‘Please vote Yes’ is the invitation Australians must answer
“Our people deserve to be recognised in the Constitution,” she said. “We deserve to have a Voice. So please vote yes. I love you all.”
This was one articulation of what this referendum means to the majority of Indigenous Australians – over 80 per cent according to polls – asking to be recognised in the Constitution through an advisory Voice in their affairs. This is the invitation Australians must answer.
Last week, the Kimberley Land Council’s “Referendum Roadshow” held community conversations at Kununurra, Hall’s Creek, Fitzroy Crossing and Derby. They were an energising reminder of both the urgent practical issues facing Indigenous communities, and the fundamental generosity of Australians.
A Yes vote would deliver two key benefits to Australia, practical and emotional.
The practical benefit comes through empowering Indigenous communities to take greater responsibility in their affairs. The constitutional change will guarantee Indigenous peoples a fairer say in laws and policies made about them, so they can develop solutions to their challenges in partnership with governments. This will improve policies and practical outcomes, to help close the gap.
The Voice’s broad scope facilitates discretion and flexibility. It is smart constitutional drafting, cognisant of practical realities.
The constitutional amendment has been guided by practicality. The Voice’s broad discretion to advise on matters relating to Indigenous peoples is sensible for practical reasons.
As Australian constitutional law specialist Professor Anne Twomey has explained, the broad scope keeps the question of what matters the Voice can advise on out of the courts. This was a deliberate choice by experts, who understood that a narrow constitutional scope requires courts to determine what is within the Voice’s remit. A broad constitutional remit makes this a political judgment. That is smart constitutional drafting.
A major practical benefit of the Voice will be its ability to alert the government to adverse or unintended impacts of laws and policies indirectly affecting Indigenous communities. Environmental laws, for example, might not directly target Indigenous people. But Indigenous communities may sensibly want to tell government about their impact on economic development on Indigenous land. The broad scope facilitates discretion and flexibility. Again, it is smart constitutional drafting, cognisant of practical realities.

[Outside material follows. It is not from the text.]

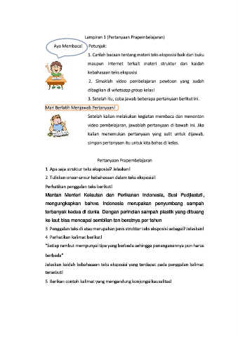 Lampiran 1 (Pertanyaan Prapembelajaran)

Practicality will guide the Voice’s work. Representatives will be chosen by Indigenous communities, therefore its advice will be informed by local priorities. Indigenous Australians Minister Linda Burney this week confirmed that the Voice will prioritise health, education, jobs and housing.
Discussions in the Kimberley reiterated this practical focus. Urgent problems included unhealthy and overpriced food in local shops, contributing to poverty and health crises; youth disengagement and crime; poor educational outcomes; and inadequate housing. Their concerns underscored the absurdity of suggestions that the Voice will be advising on submarines, paper clips and parking tickets.
Generosity and forgiveness
But the discussions were not just practical. They were also emotional. There was warmth and optimism in the contributions of both Indigenous and non-Indigenous Australians.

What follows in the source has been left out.